Segundo Érica, a cada 23 minutos um jovem negro é assassinado no Brasil. Ela cobrou garantias do poder público para a segurança dos praticantes das religiões de matriz africana e, especialmente, para a efetivação do estado laico.
Iara Célia Leal, do Conselho Municipal de Igualdade Racial, destacou que o papel da entidade é implementar em Goiânia políticas públicas que promovam o fim da discriminação. Ela ressaltou que um dos desafios é fazer com que as pessoas se reconheçam como racistas. “É importante que nós que estamos ligados a órgãos, entidades e empresas que trabalham com igualdade racial levemos às pessoas o conhecimento sobre o que é o racismo, para que elas possam se reconhecer e, se reconhecendo, dêem uma guinada, uma mudança de atitude. E essa ação se inicia na escola. Nós precisamos trabalhar com as crianças na primeira infância porque, a partir daí, teremos adultos que não serão racistas. Identificar o racismo é necessário, mas não ser racista é mais do que necessário.”

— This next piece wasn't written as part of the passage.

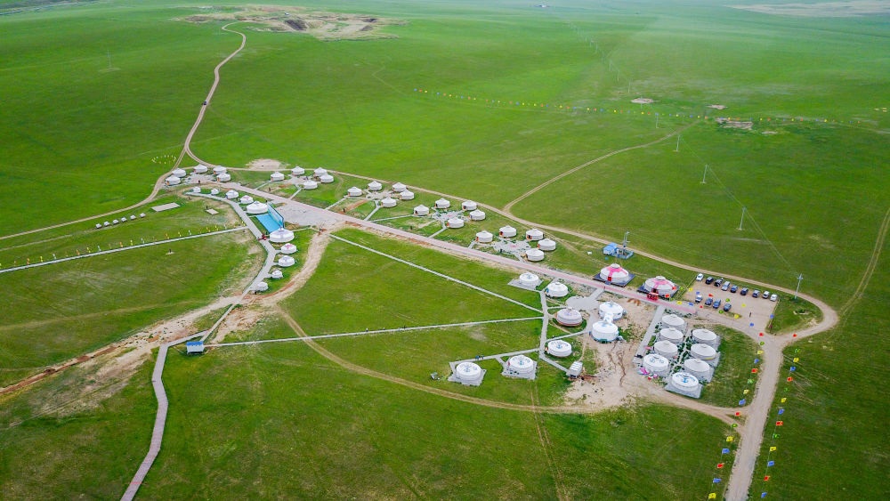 這是內(nèi)蒙古錫林郭勒盟寶力根蘇木的一處那達(dá)慕會(huì)場(2017年7月21日攝,無人機(jī)照片)。新華社記者連振攝
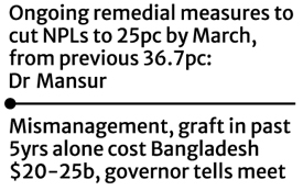The Bangladesh Bank Governor also said ongoing restructuring and provisioning measures are expected to bring down non-performing loans in the banking system to around 25 per cent of total loans by next March.

Gerente de Políticas de Promoção da Igualdade Racial da Secretaria Estadual de Desenvolvimento Social e presidente do Conselho Estadual de Direitos Humanos, Igualdade Racial e Combate ao Preconceito, Evelin Geordana lembrou que o primeiro passo para combater o racismo é reconhecer que ele existe e isso vem sendo feito pelo governo estadual. A primeira ação foi mapear onde estão as comunidades tradicionais para que políticas públicas afirmativas possam ser implementadas.
Em agosto de 2021, lembrou Evelin, o governo criou o Grupo Especializado no Atendimento a Vítimas de Crimes de Racismo e Delitos de Intolerância na polícia civil para centralizar o recebimento de denúncias. Ela também lembrou que a Secretaria de Estado da Educação, em cumprimento da legislação federal, está implementando o ensino de história e cultura afrobrasileira e indígena no currículo escolar.
Em participação virtual, Dilmo Luiz Vieira, assessor especial da Superintendência Municipal de Igualdade Racial de Goiânia, falou sobre os desafios para promover a igualdade racial. “A política de formação continuada de gestores é um deles”, lembrou. Para Dilmo, é importante que o poder público dê continuidade às ações implantadas, independentemente de quem ocupa os cargos de gestão.
Também em participação remota, Carolina Dias, conhecida como Carol de Oxum, da Coordenadoria de Igualdade Racial de Aparecida de Goiânia, foi mais uma a denunciar ataques a terreiros e o impacto que as agressões provocam na comunidade. “Além do pânico, causa uma sequela muito grande, física e mental”, disse. “Os agressores marginalizam, criminalizam e sufocam aquela comunidade de todas as formas, até mesmo na questão territorial, o que chamamos de racismo ambiental”, explicou. “Não podemos ficar migrando de um lugar para outro”, afirmou.
Para o vereador Mauro Rubem, a Câmara deve contribuir com o combate do racismo estrutural. “Temos que pensar no bloqueio antirracista nesses locais. Toda violência tem que ser reprimida e contundentemente denunciada, com a presença do aparelho de estado”, disse. Um dos compromissos assumidos foi articular recursos para o segmento durante a discussão do orçamento municipal. “Precisamos cobrar institucionalmente”, afirmou.
Mauro encerrou a audiência lembrando que “a grande educação é a prática. Então, temos que praticar a quebra do racismo”.